Федор Петрович нажимает на звонок.
Я внимательно слежу за происходящим, жду, что же будет, а полицейский косится на меня через зеркало заднего вида и сжимает кулаки.
Дверь открывается, Федор Петрович беседует с кем-то. Он показывает на нашу машину, размахивает руками, по-видимому, просит пройти с ним.
Мне как-то не по себе.
Чувствую, как нарастает напряжение.
Федор Петрович явно задумал что-то нехорошее. Кажется, он тоже решил избить меня, как тот садист, но только по-своему.
Избить психологически.
Я чувствую, как стены сжимаются. Чувствую страх. Нет. Чувствую ужас от неизвестности. Наверное, я сам себя накручиваю. Наверное, на то и расчет. Я никак не могу успокоиться.

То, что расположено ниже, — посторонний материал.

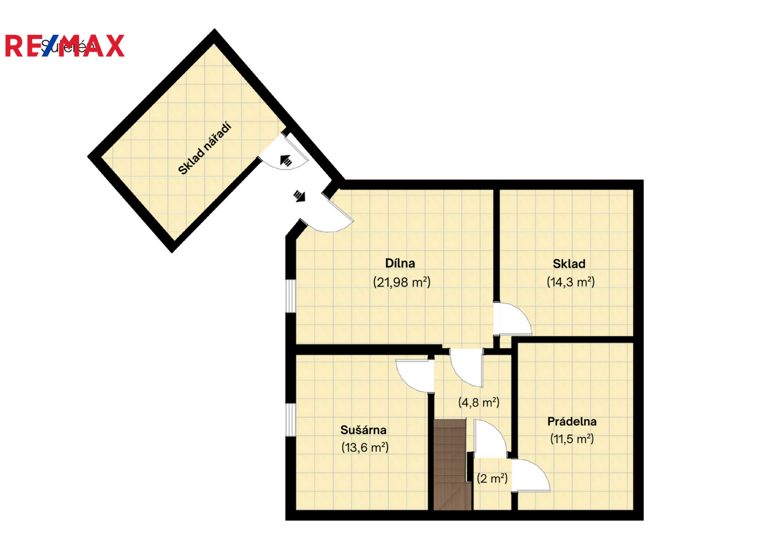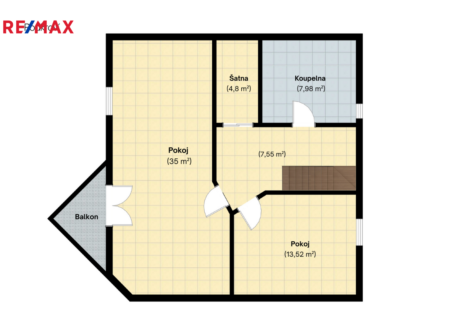 V patře je velký pokoj s balkonem (možno rozdělit na dva samostatné pokoje), pracovna, šatna a koupelna s vanou i sprchovým koutem. V suterénu je technické zázemí – prádelna, spíž, domácí práce, sklad a dílna.

Чувствую непреодолимое желание провалиться сквозь землю, раствориться, умереть, да что угодно, только не быть здесь.
Если Федор Петрович задумал таким способом на меня надавить, стоит признать, это у него здорово получается.
К нашей машине идут двое.
Один из них точно Федор Петрович. От волнения у меня мутнеет в глазах. Кто вторая фигура, не пойму. Я могу разглядеть, что рядом с доктором идет мужчина. Вроде бы мужчина. Или высокая женщина с короткой стрижкой, в рубашке и в штанах. Я моргаю, но картинка плывет, и я не могу сфокусироваться.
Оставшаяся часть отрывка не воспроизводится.